A standard psychological test involves giving people a paragraph describing another person. After a delay they are asked questions about the person. If they are experiencing a strong emotion at the time they will rely on stereotypes triggered by certain words in the passage rather than on the actual information. This does have advantages in terms of efficiency which might be essential in a time of crisis. It might be unfair to assume that a man wearing torn clothes walking behind you down a dark alleyway is dangerous, but if that brief moment of anxiety causes you to quicken your pace so that you reach the main road faster, then even if he turns out to be harmless you haven’t lost anything by speeding up. Were you to slow down while you considered whether there was in fact anything suspicious about the man’s behaviour or whether you were unfairly generalising on the basis of his clothing, you might put yourself in danger. Nevertheless it is not the case that strong emotions always lead to a decrease in accurate reasoning. Emotions tend to be seen as irrational urges which interfere with effective decision-making. Research has shown, however, that in certain circumstances, feeling good can change your thinking in such a way that you make better decisions, particularly if those decisions necessitate creativity.

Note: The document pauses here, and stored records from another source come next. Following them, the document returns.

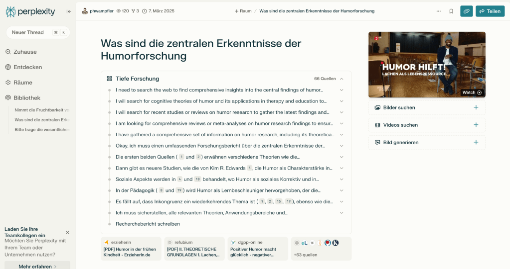 (1) Die «Deep Research»-Funktionalität (eine Einführung habe ich hier vorgenommen) der wichtigsten KI-Applikationen schreibt eine Art Forschungsplan für eine Maturitätsarbeit, sucht Quellen und schreibt fokussiert ganze Kapitel inklusive Forschungsbezüge. Im Screenshot sieht man Perplexity: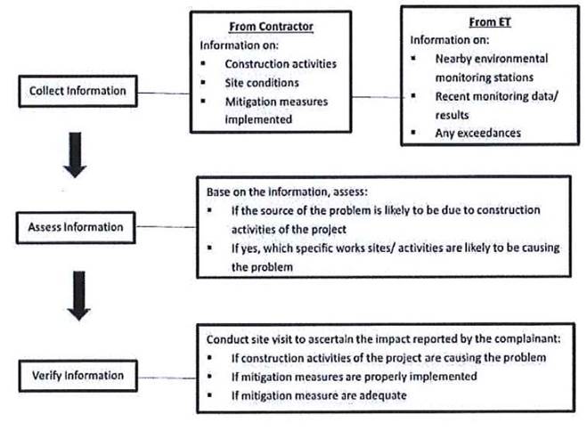 Based on the aforementioned information obtained, the ET shall assess whether the source of the problem is likely to be due to the construction activities of the project, and also ascertain which specific works sites and / or activities are the likely causes.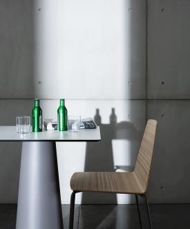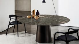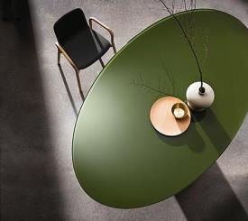 Un piètement en acier inoxydable ou en métal laqué s'associe à un plateau en verre, en bois, en céramique ou en Materia pour créer une famille de tables aussi riches en personnalité qu'adaptées à différents environnements : des intérieurs domestiques aux espaces professionnels.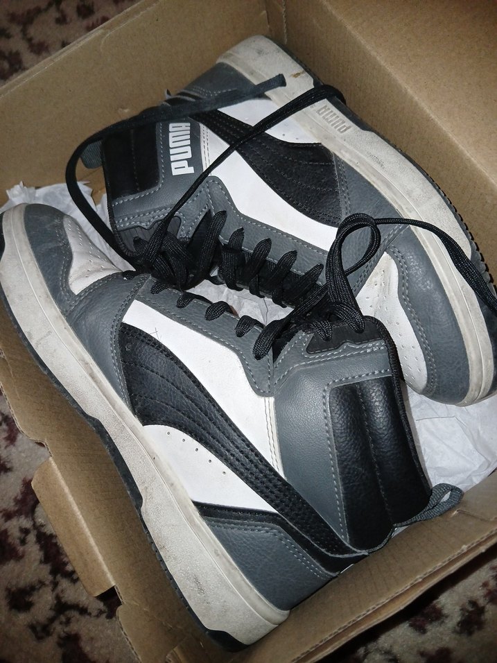 Gri Puma basketbol ayakkabısı, kauçuk tabanlı ve velcro detaylıdır. hiç bir sıkıntısı yok 37 numara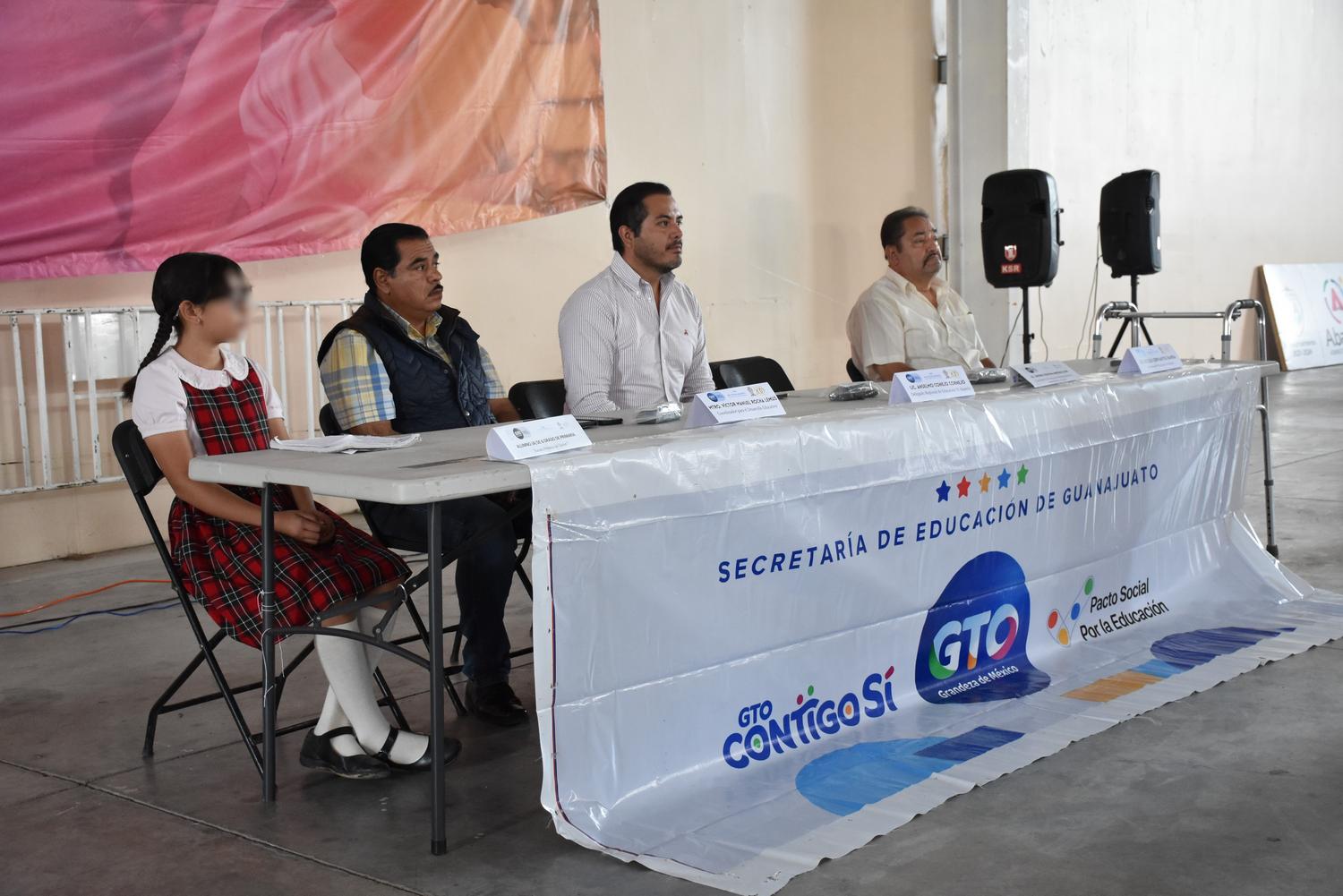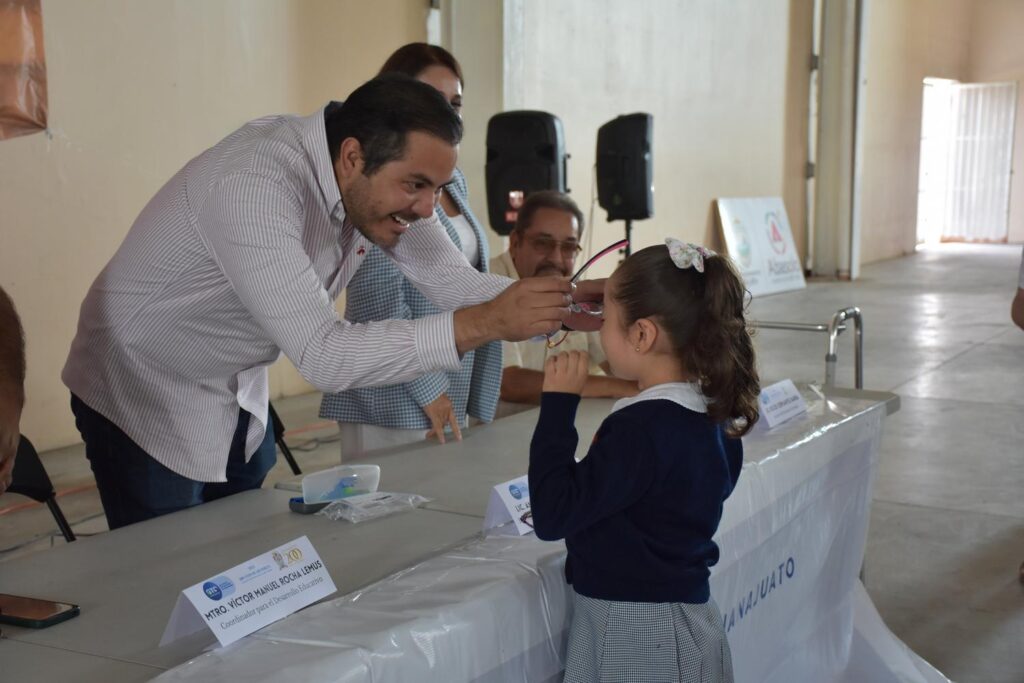 Abasolo, Gto. 09 de julio de 2024.- Este martes 09 de julio, en las instalaciones del Polifórum Miguel Hidalgo, se realizó la entrega de lentes del Programa Ver Bien para Aprender Mejor, en el evento de entrega estuvieron presentes el Delegado Regional de Educación Anselmo Conejo Cornejo, la Coordinadora de Vinculación Interinstitucional de Salud Mental e Integral de la Secretaría de Educación de Guanajuato, Sandra Josefina Arrona Luna, el Coordinador para el Desarrollo Educativo, Víctor Manuel Rocha Lemus, en representación de la Presidenta Municipal de Abasolo, Chío Cervantes Barba, acudió el Director de Planeación, Juan José González Márquez y en representación de los alumnos que recibieron sus lentes, participó la alumna de sexto grado de la Escuela Primaria Vicente Guerrero, Alexa Labrador Hernández.
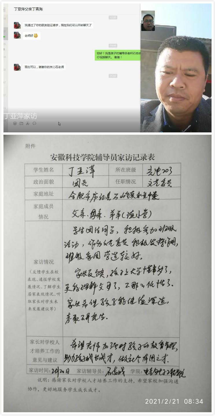 寒假还在继续,关爱从未缺席。根据学校《中国足彩网做好2021年寒假期间线上云家访活动的通知》文件要求,切实做好寒假期间学生思想政治教育工作,加强家校协同育人效果,电气与电子工程学院号召全体专兼职辅导员开展线上云家访活动。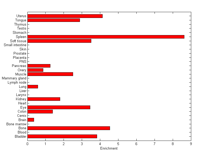 The expression level is normalized with tissue-library size. Each value for a gene in a tissue is a ratio of observed ESTs to the expected one in this tissue. The expected number of ESTs is the product of total ESTs of the gene and the fraction of total ESTs in the tissue among all ESTs in 30 tissues.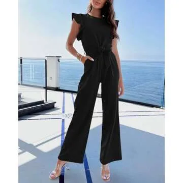 Show more Introducing the BTFBM Women Jumpsuits Crew Neck Ruffle Cap Sleeve Belted High Waist Wide Leg Romper, the ultimate summer outfit designed for elegance and comfort. Crafted from premium, soft stretchy fabric, this jumpsuit ensures a breathable experience, making it ideal for those warm spring and summer days. Its moderate thickness prevents any see-through issues, while the chic crew neck and stylish ruffle cap sleeves elevate your look effortlessly. With a high waist silhouette and a self-tie belt, the romper accentuates your waist and beautifully elongates your legs, offering a flattering fit for various body types.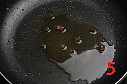锅内做油,放入花椒煸香(多放些油,茄子比较吃油)。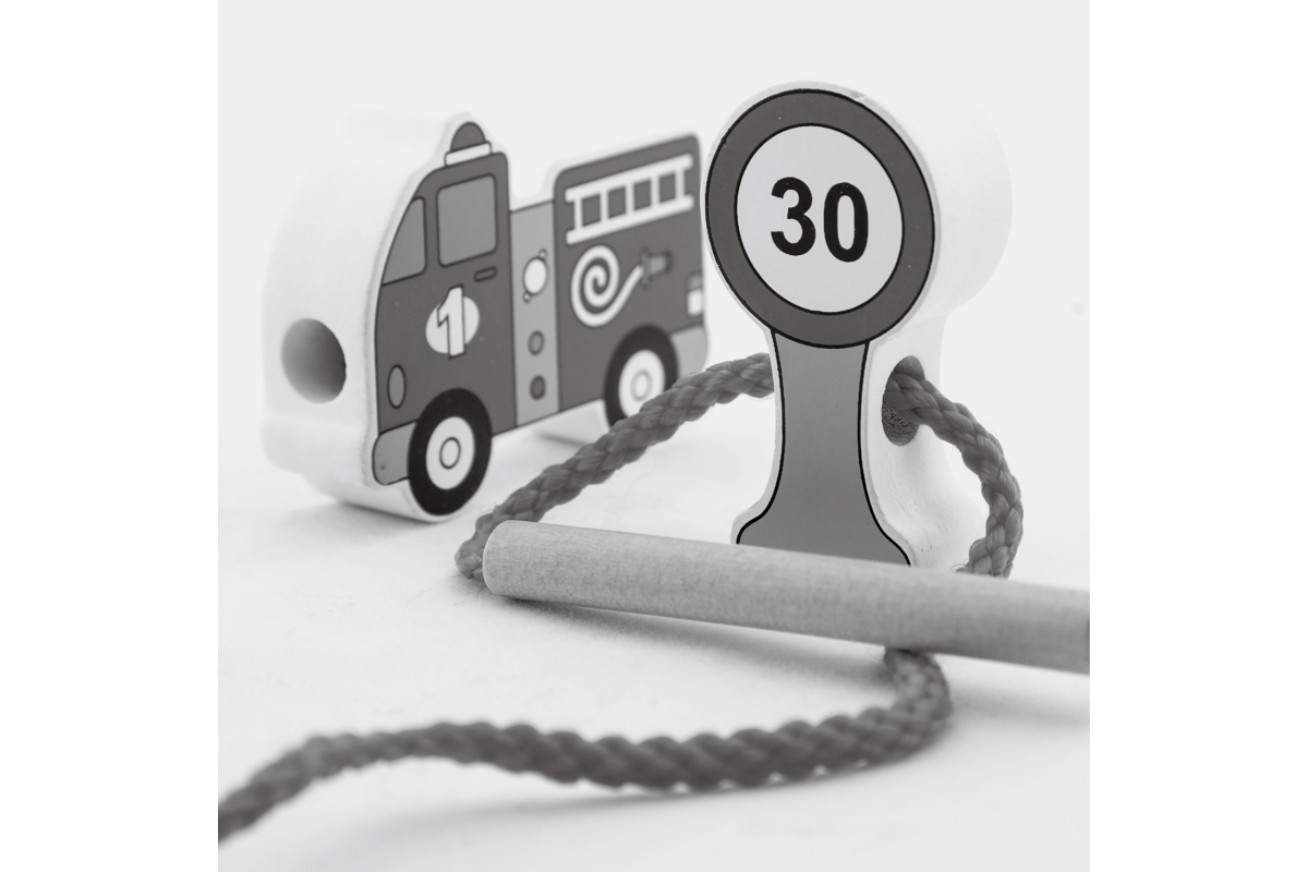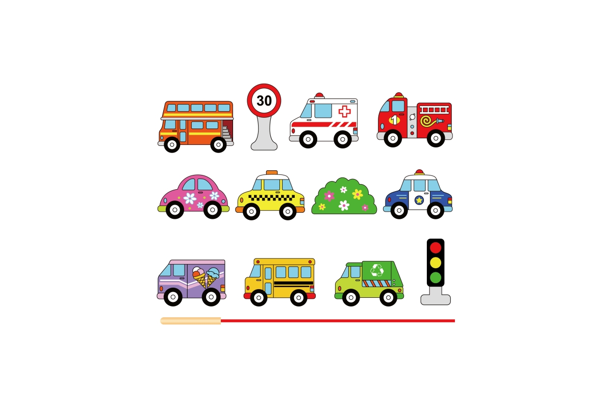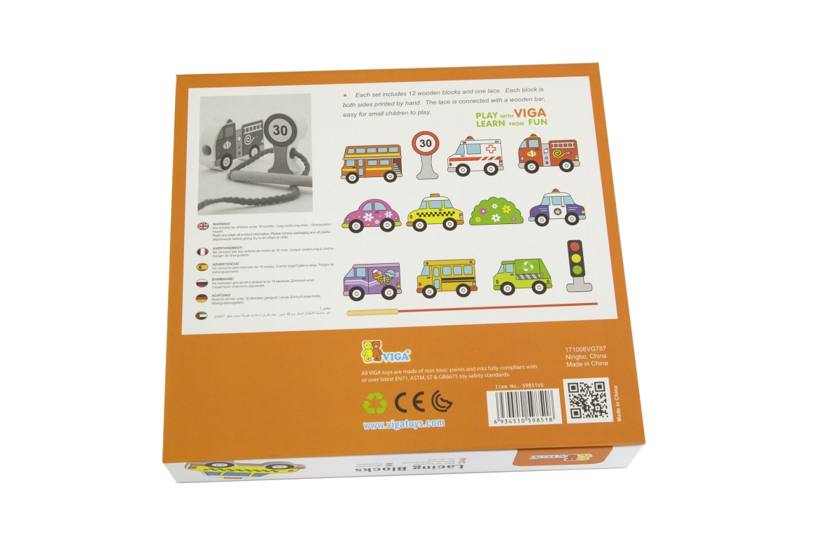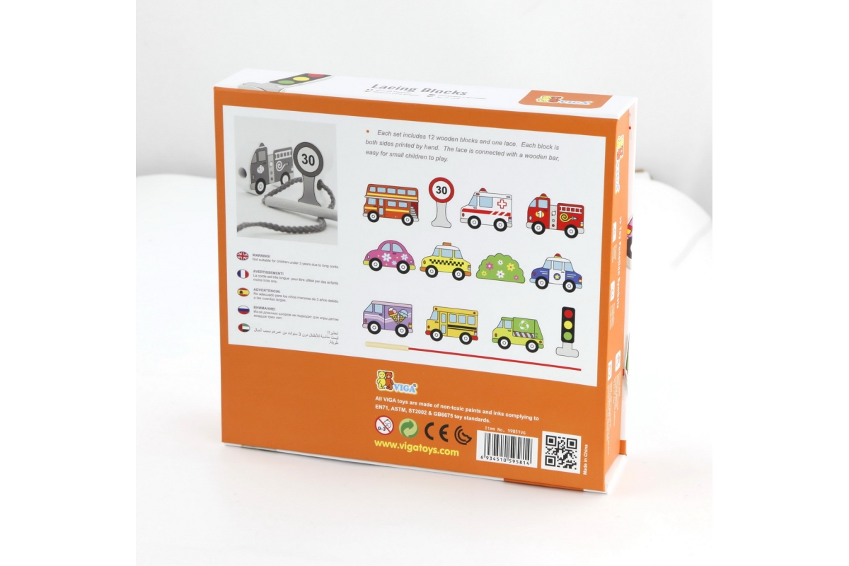 Dřevěné navlékání dopravních prostředků. Obsahuje 12 dřevěných bloků a 1 navlékací provázek. Baleno v krabičce, která slouží jako úschovný box. Rozměr..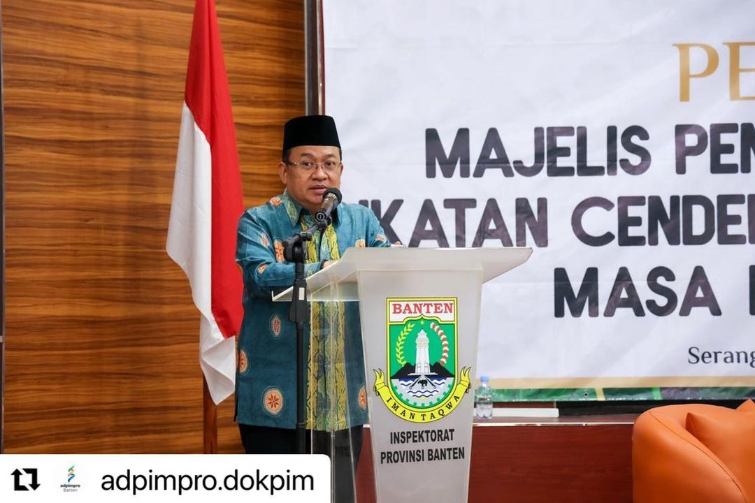 Penjabat (Pj) Gubernur Banten Al Muktabar menghadiri Pelantikan Majelis Pengurus Wilayah (MPW) Ikatan Cendekiawan Muslim Indonesia (ICMI) Banten Masa Bakti 2024 - 2029 di Aula Inspektorat Provinsi Banten, KP3B Curug, Kota Serang, Rabu (6/3/2024). Ketua MPW ICMI Banten Eden Gunawan beserta jajaran dilantik oleh Wakil Ketua Umum ICMI Priyo Budi Santoso.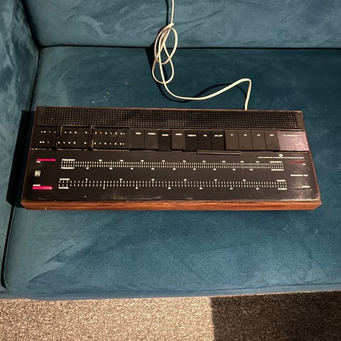 Radioen har flere knapper og drejeknapper til indstilling af frekvenser og lydstyrke.
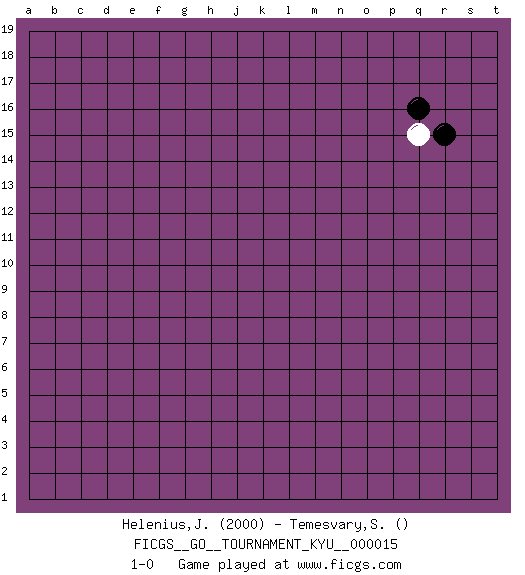 Last move : 1-0 2007 January 21 12:49:54 [Event "FICGS__GO__TOURNAMENT_KYU__000015"] [Site "FICGS"] [Date "2006.12.21"] [Round "1"] [Black "Helenius,Jan-Krister"] [White "Temesvary,Sandor"] [Result "1-0"] [Rating 1 "2000"] 1.r15 q15 2.q16 1-0 This go game has been lost on time (started : 2006.12.21 5:16:51) Here are the names of the openings (joseki) played in the four corners : Corner q16 : r15 q15 Mokuhazushi (Waemok, Wai`mu`) 5-3 Point. The mokuhazushi (5-3) point was popular in the Edo period in Japan (1600 - 1867). It emphasizes influence; territorially, it is inferior to the 3-4 point. Player Black won this Go (weiqi, baduk) game. Follow this game move after move (download)Don't reduce your own liberties. (Bill Taylor) Every man's memory is his private literature. (Aldous Huxley)
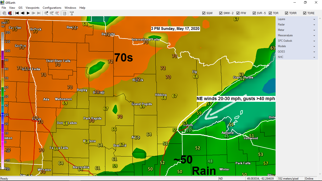 Howling winds will continue near Lake Superior the next few days with a stiff northeast wind 15 to 30 mph (gusting to around 40 mph) the wind will kick up some dust at times. Temperatures near Lake Superior won’t vary much through Wednesday with daytime highs of 45 to 55 degrees, and overnight lows around 40 degrees. Note: A cool lake breeze looks to continue past Wednesday, but not quite as windy as it will be the next few days, but still not real pleasant.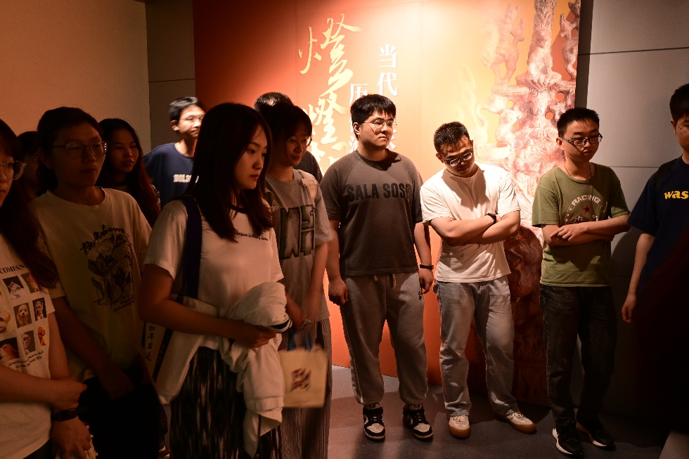 为进一步激发青年党员的爱国情怀,支部成员接着又来到“灯灯相传:当代名家画油灯暨历代油灯收藏展”。在展览中,同学们参观了中国从新石器时代到近代的百余件油灯,了解了中国油灯的历史发展和独特的油灯文化。油灯虽小,却是历史长河中使用时间最久远的照明器具,照亮了古人的漫漫黑夜,也见证了中华文化的灿烂光明。在中国文化中,油灯有着特殊的文化内涵,其燃烧自己、照亮别人的品格,与“两弹一星”科学家们热爱祖国、无私奉献的高尚追求不谋而合,让同学对“两弹一星”精神的科学内涵有了更深刻的认识。

You are given a standard white candle, a box of drawing pins and a book of matches. Your task is to attach the candle to the wall and light it in such a way that the wax won’t drip onto the floor. When people were given this task in a laboratory after their mood had been manipulated the results were striking. One group had been given a comedy to watch before the task while the others saw a more serious film. Three quarters of the group who had seen the happy film found a workable solution, compared with a measly 13% of those who had seen the serious film. The solution to the task, incidentally, is to use some drawing pins to fix the drawing pin box to the wall as a ledge for the candle. Then you light the candle with the matches and the box successfully catches the drips.
Dr Alice Isen, a psychologist at Cornell University, has conducted years of experiments in this area, finding that mild happiness can improve performance in everyone from children to doctors. She finds cunning ways of making one group of people feel slightly happy – giving them money, telling them they’ve done unusually well on a task or simply providing fruit juice and biscuits. Compared with another group who hadn’t had any reward, the happy group were significantly better at thinking up unusual word associations. In another experiment doctors were given a bag of sweets to cheer them up before they made a diagnosis and extraordinarily this resulted in a better diagnosis where they took more information into account. This had nothing to do with them putting in extra effort because they were happy; instead there appeared to be something qualitatively different in their thinking. When people feel happy they seem to consider problems from more angles.
Joy allows people to think optimistically and to remember other times when they were successful, as well as allowing them to focus on the task at hand. Your negotiation skills even improve when you feel happy, so the time to ask for a pay-rise is not when you’re feeling fed up with a job, but when you’re feeling good.
If we turn to the chemistry of what’s happening in the brain there might be an explanation for these processes. Dopamine is just one of hundreds of neurotransmitters or chemical messengers in the brain, but we know more about it than any of the others. The cells that produce dopamine are only found in a few areas of the brain, mainly in the brain stem, but it has effects in many other areas. Food, sex and drugs all release dopamine, producing feelings of pleasure, but only for a limited time. Like all neurotransmitters dopamine is a chemical that allows one neuron or nerve cell in the brain to communicate with the next and in this way messages are passed between the millions of neurons in the brain. Dopamine is released when we feel joyful and it is these dopamine levels that might affect the way our thoughts are processed. Alice Isen suggests that the release of dopamine into a part of the brain called the anterior cingulate region might help us to switch perspective. Seeing things from another viewpoint is a key component of creativity and we might actually find this easier if dopamine is helping us along while we explore ideas. The same could apply to negotiation; to bargain successfully it’s necessary to see another person’s perspective along with your own. Then you can encourage them to agree to a solution that is beneficial to you.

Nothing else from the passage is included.